EXERCISE AIM> Leave the pictures aside and copy all the data exactly.

☆ ☆ ☆ ☆ ☆

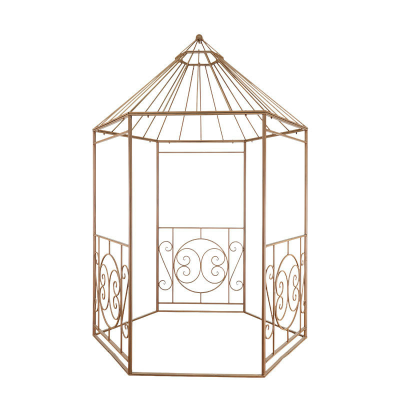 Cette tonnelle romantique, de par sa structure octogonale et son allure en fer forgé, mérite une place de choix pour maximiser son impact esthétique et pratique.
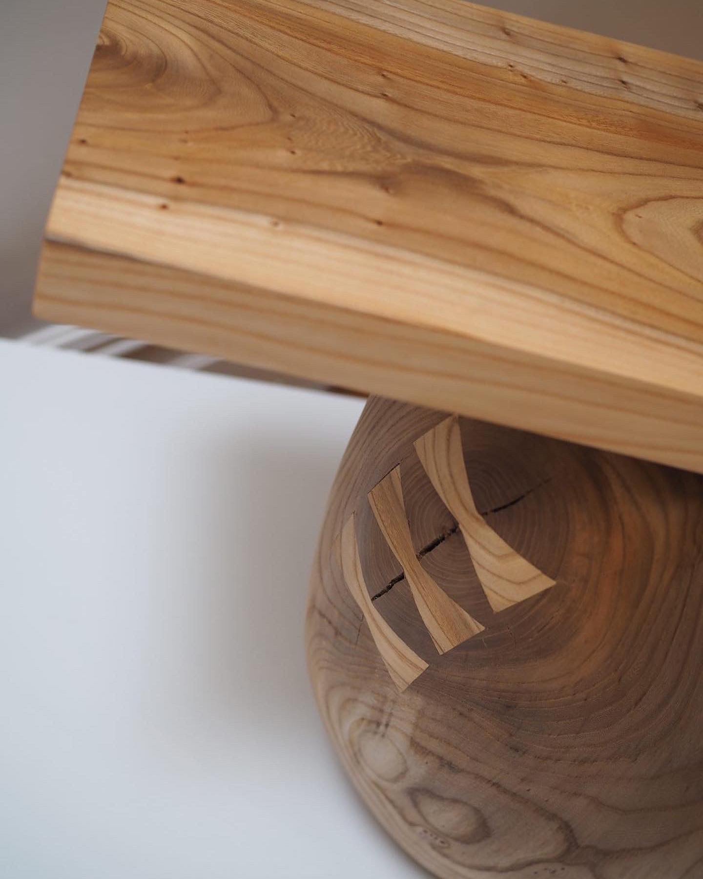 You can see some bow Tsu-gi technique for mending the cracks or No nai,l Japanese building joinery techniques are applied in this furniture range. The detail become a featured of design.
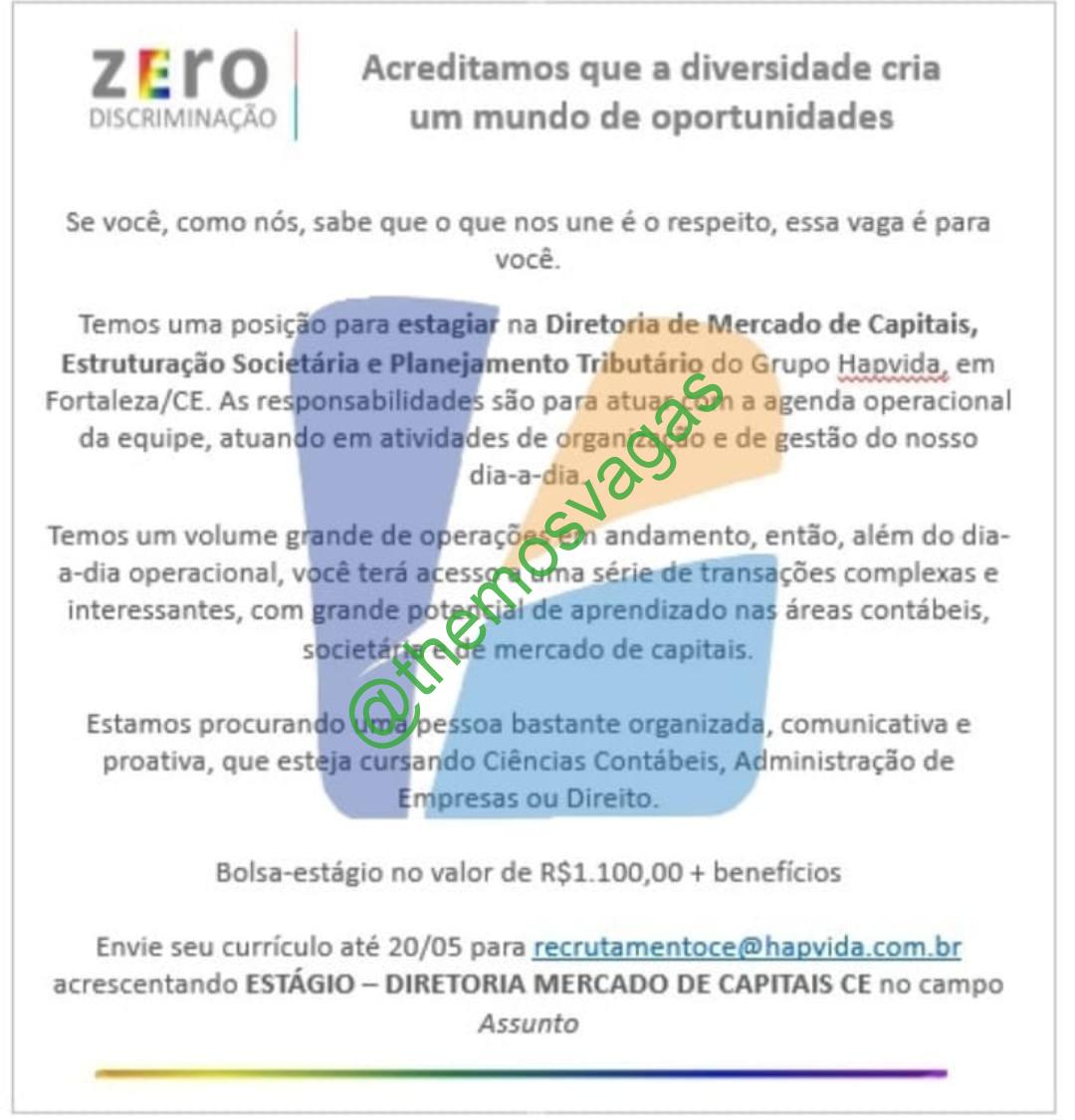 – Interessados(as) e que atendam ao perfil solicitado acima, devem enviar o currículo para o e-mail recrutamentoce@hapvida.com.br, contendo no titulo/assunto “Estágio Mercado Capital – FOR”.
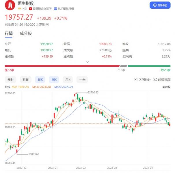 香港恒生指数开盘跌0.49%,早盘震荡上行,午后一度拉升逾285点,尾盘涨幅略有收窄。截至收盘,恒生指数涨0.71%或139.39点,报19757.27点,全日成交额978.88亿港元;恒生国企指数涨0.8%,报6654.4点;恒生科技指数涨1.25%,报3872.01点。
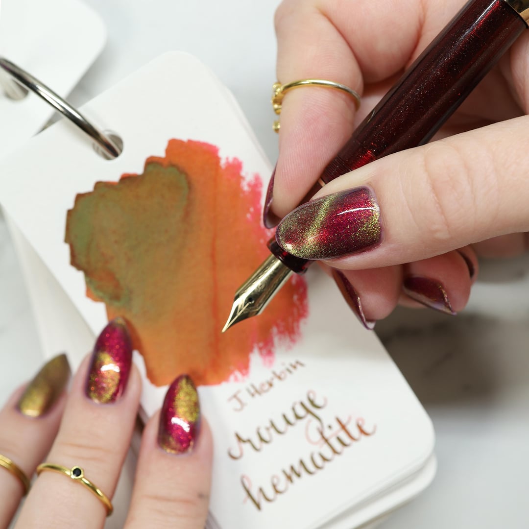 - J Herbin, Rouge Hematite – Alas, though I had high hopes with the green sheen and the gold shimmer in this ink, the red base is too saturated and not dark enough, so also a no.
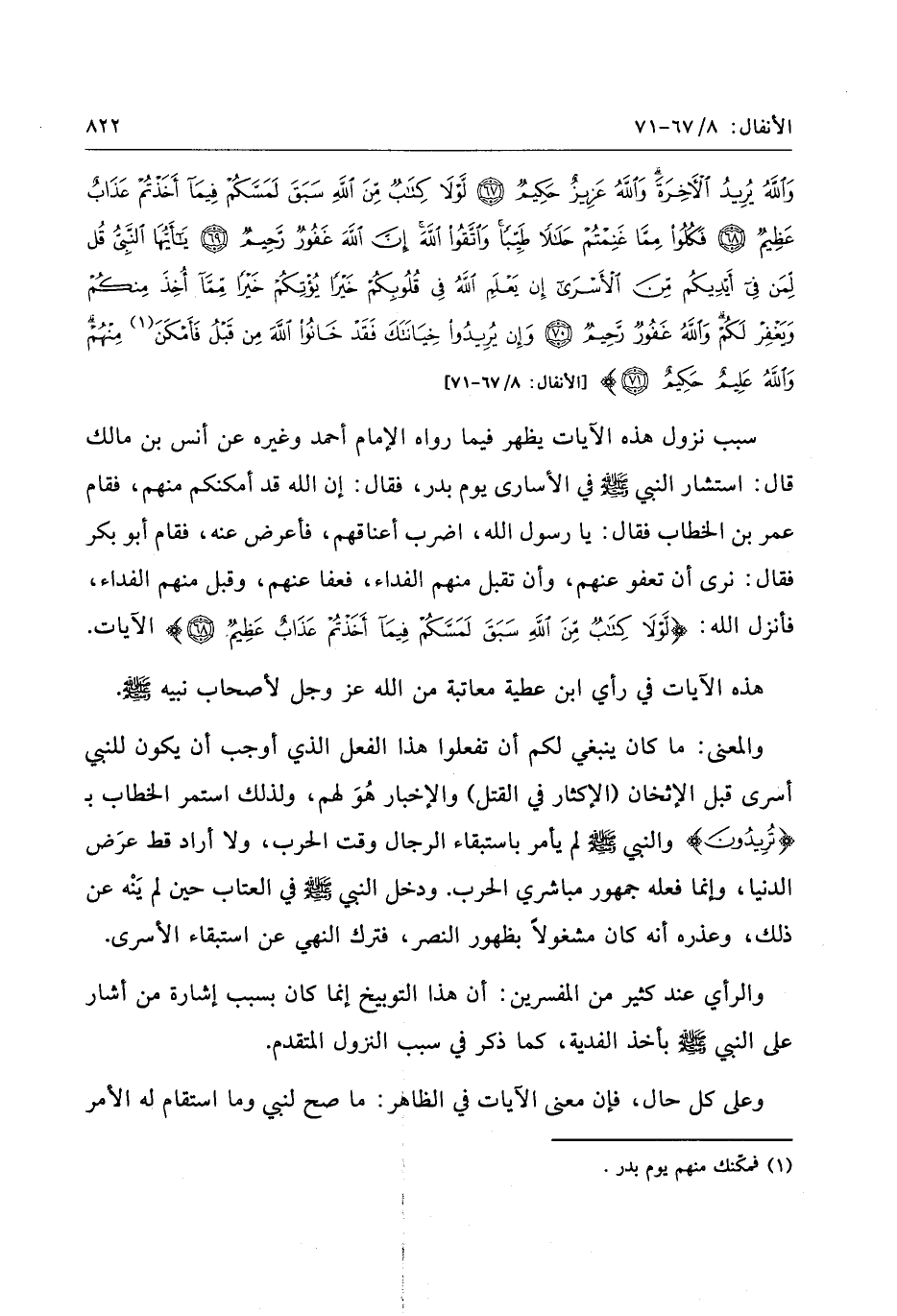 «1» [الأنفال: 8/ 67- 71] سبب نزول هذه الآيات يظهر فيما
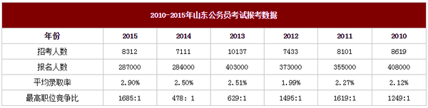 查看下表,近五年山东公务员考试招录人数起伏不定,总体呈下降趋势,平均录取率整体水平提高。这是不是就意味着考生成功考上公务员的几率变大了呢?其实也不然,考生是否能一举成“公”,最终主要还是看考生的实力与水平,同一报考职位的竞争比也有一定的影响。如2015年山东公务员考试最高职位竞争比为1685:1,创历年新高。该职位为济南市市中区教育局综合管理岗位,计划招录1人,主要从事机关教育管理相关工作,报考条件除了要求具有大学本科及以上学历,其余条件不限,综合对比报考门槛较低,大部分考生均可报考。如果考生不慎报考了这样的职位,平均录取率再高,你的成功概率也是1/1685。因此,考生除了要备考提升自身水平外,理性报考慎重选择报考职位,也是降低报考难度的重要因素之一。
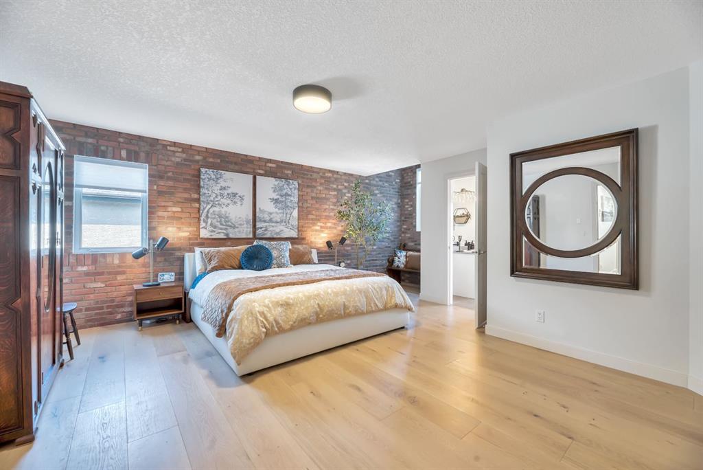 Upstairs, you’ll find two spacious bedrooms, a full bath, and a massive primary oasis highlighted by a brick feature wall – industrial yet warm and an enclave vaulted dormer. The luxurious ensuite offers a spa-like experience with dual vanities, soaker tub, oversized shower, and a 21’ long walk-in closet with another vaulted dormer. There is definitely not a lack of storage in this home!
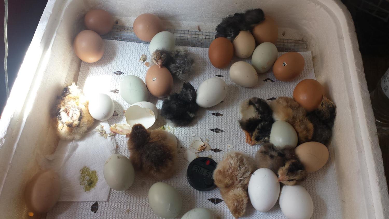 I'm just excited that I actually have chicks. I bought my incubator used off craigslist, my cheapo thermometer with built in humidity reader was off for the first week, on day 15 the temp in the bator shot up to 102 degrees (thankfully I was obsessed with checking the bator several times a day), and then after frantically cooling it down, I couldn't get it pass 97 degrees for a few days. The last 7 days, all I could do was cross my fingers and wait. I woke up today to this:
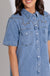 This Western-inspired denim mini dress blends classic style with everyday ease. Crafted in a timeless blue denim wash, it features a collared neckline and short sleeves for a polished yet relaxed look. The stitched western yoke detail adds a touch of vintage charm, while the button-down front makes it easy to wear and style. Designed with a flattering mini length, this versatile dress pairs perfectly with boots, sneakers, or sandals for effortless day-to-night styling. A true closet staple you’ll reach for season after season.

☆ ☆ ☆ ☆ ☆

ANSWER BOX>
 Cette tonnelle romantique, de par sa structure octogonale et son allure en fer forgé, mérite une place de choix pour maximiser son impact esthétique et pratique.
 You can see some bow Tsu-gi technique for mending the cracks or No nai,l Japanese building joinery techniques are applied in this furniture range. The detail become a featured of design.
 – Interessados(as) e que atendam ao perfil solicitado acima, devem enviar o currículo para o e-mail recrutamentoce@hapvida.com.br, contendo no titulo/assunto “Estágio Mercado Capital – FOR”.
 香港恒生指数开盘跌0.49%,早盘震荡上行,午后一度拉升逾285点,尾盘涨幅略有收窄。截至收盘,恒生指数涨0.71%或139.39点,报19757.27点,全日成交额978.88亿港元;恒生国企指数涨0.8%,报6654.4点;恒生科技指数涨1.25%,报3872.01点。
 - J Herbin, Rouge Hematite – Alas, though I had high hopes with the green sheen and the gold shimmer in this ink, the red base is too saturated and not dark enough, so also a no.
 «1» [الأنفال: 8/ 67- 71] سبب نزول هذه الآيات يظهر فيما
 查看下表,近五年山东公务员考试招录人数起伏不定,总体呈下降趋势,平均录取率整体水平提高。这是不是就意味着考生成功考上公务员的几率变大了呢?其实也不然,考生是否能一举成“公”,最终主要还是看考生的实力与水平,同一报考职位的竞争比也有一定的影响。如2015年山东公务员考试最高职位竞争比为1685:1,创历年新高。该职位为济南市市中区教育局综合管理岗位,计划招录1人,主要从事机关教育管理相关工作,报考条件除了要求具有大学本科及以上学历,其余条件不限,综合对比报考门槛较低,大部分考生均可报考。如果考生不慎报考了这样的职位,平均录取率再高,你的成功概率也是1/1685。因此,考生除了要备考提升自身水平外,理性报考慎重选择报考职位,也是降低报考难度的重要因素之一。
 Upstairs, you’ll find two spacious bedrooms, a full bath, and a massive primary oasis highlighted by a brick feature wall – industrial yet warm and an enclave vaulted dormer. The luxurious ensuite offers a spa-like experience with dual vanities, soaker tub, oversized shower, and a 21’ long walk-in closet with another vaulted dormer. There is definitely not a lack of storage in this home!
 I'm just excited that I actually have chicks. I bought my incubator used off craigslist, my cheapo thermometer with built in humidity reader was off for the first week, on day 15 the temp in the bator shot up to 102 degrees (thankfully I was obsessed with checking the bator several times a day), and then after frantically cooling it down, I couldn't get it pass 97 degrees for a few days. The last 7 days, all I could do was cross my fingers and wait. I woke up today to this:
 This Western-inspired denim mini dress blends classic style with everyday ease. Crafted in a timeless blue denim wash, it features a collared neckline and short sleeves for a polished yet relaxed look. The stitched western yoke detail adds a touch of vintage charm, while the button-down front makes it easy to wear and style. Designed with a flattering mini length, this versatile dress pairs perfectly with boots, sneakers, or sandals for effortless day-to-night styling. A true closet staple you’ll reach for season after season.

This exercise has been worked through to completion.